(INPUT FOR THIS TASK)
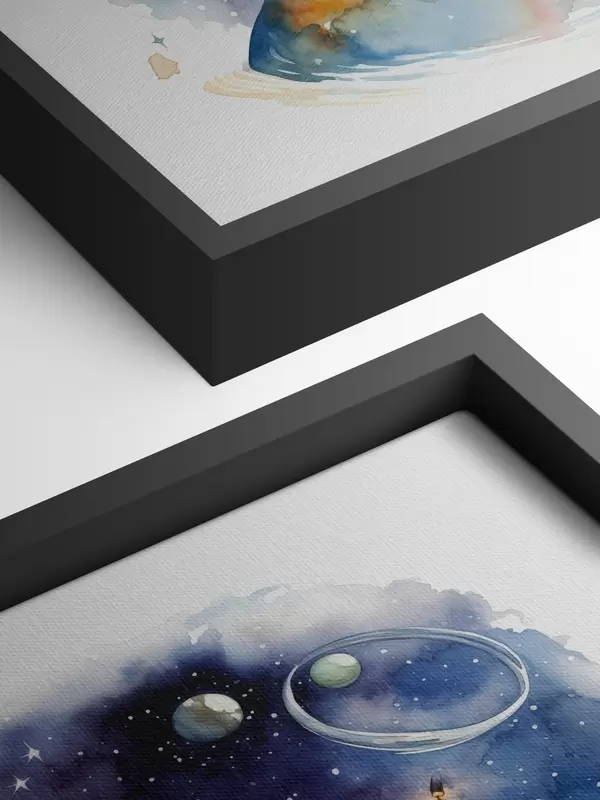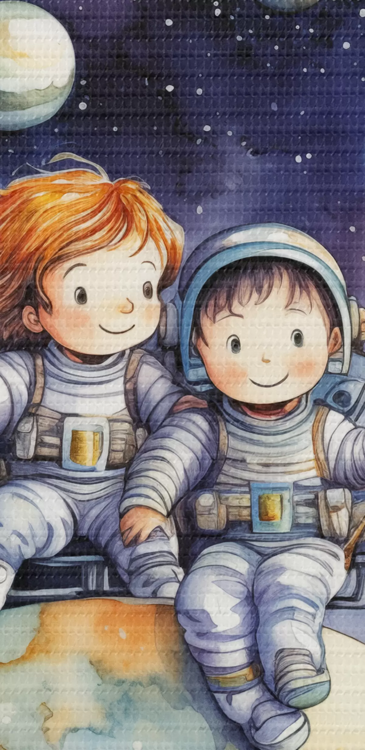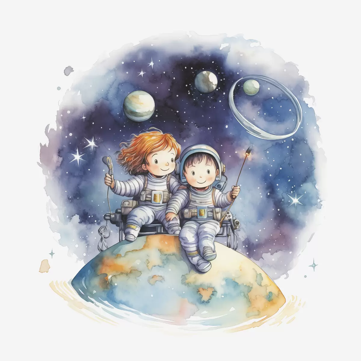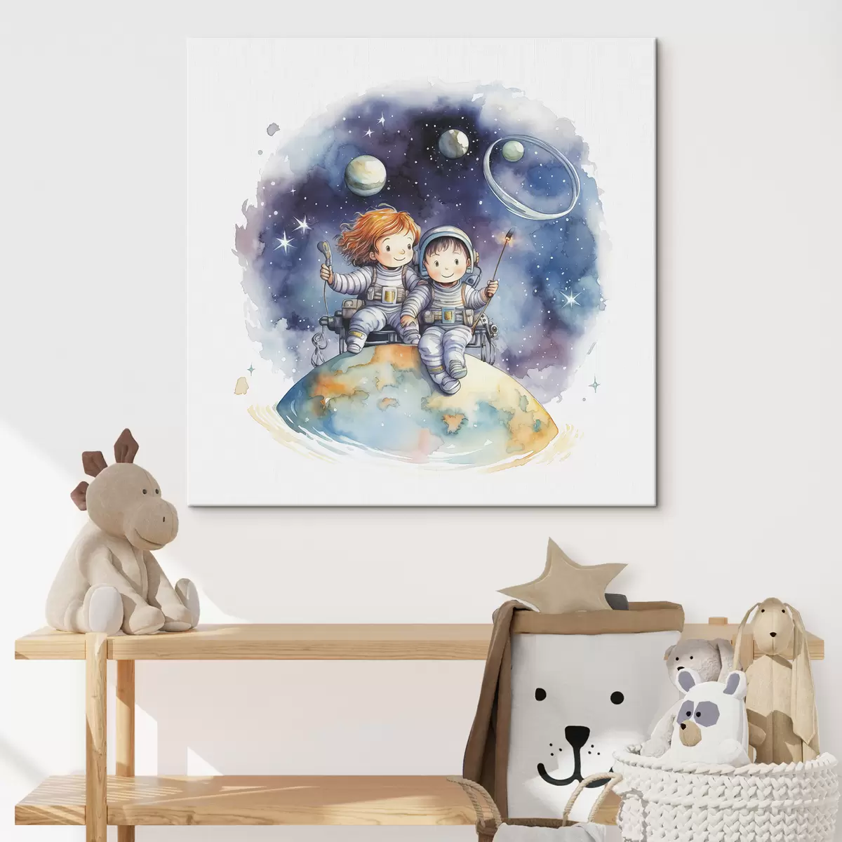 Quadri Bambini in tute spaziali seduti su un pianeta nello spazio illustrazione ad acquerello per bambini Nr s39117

---

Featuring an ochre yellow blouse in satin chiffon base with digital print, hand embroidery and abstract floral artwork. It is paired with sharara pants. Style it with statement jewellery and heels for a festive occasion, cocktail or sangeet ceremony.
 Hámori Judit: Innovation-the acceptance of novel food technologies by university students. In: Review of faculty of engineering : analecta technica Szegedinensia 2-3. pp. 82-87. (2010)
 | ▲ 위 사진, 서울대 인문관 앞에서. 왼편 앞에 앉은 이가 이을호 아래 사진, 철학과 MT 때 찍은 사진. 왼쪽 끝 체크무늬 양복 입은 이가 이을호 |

* * *

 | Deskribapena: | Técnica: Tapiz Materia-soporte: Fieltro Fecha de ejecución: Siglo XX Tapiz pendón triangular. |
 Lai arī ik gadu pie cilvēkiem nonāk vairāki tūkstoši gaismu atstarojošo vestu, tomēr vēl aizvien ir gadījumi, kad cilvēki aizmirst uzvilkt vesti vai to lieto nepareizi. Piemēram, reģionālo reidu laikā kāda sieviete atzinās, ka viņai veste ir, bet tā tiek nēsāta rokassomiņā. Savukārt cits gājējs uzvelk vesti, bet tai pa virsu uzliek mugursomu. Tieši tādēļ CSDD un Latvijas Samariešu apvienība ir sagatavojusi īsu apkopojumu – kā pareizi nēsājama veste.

(ASSIGNMENT)
Could you repeat exactly the lines in the listing above from the one with "Hámori Judit: Innovation-the" down to the one with "입은 이가 이을호 |"? Include both of those lines.

(SOLUTION FOR THIS TASK)
 Hámori Judit: Innovation-the acceptance of novel food technologies by university students. In: Review of faculty of engineering : analecta technica Szegedinensia 2-3. pp. 82-87. (2010)
 | ▲ 위 사진, 서울대 인문관 앞에서. 왼편 앞에 앉은 이가 이을호 아래 사진, 철학과 MT 때 찍은 사진. 왼쪽 끝 체크무늬 양복 입은 이가 이을호 |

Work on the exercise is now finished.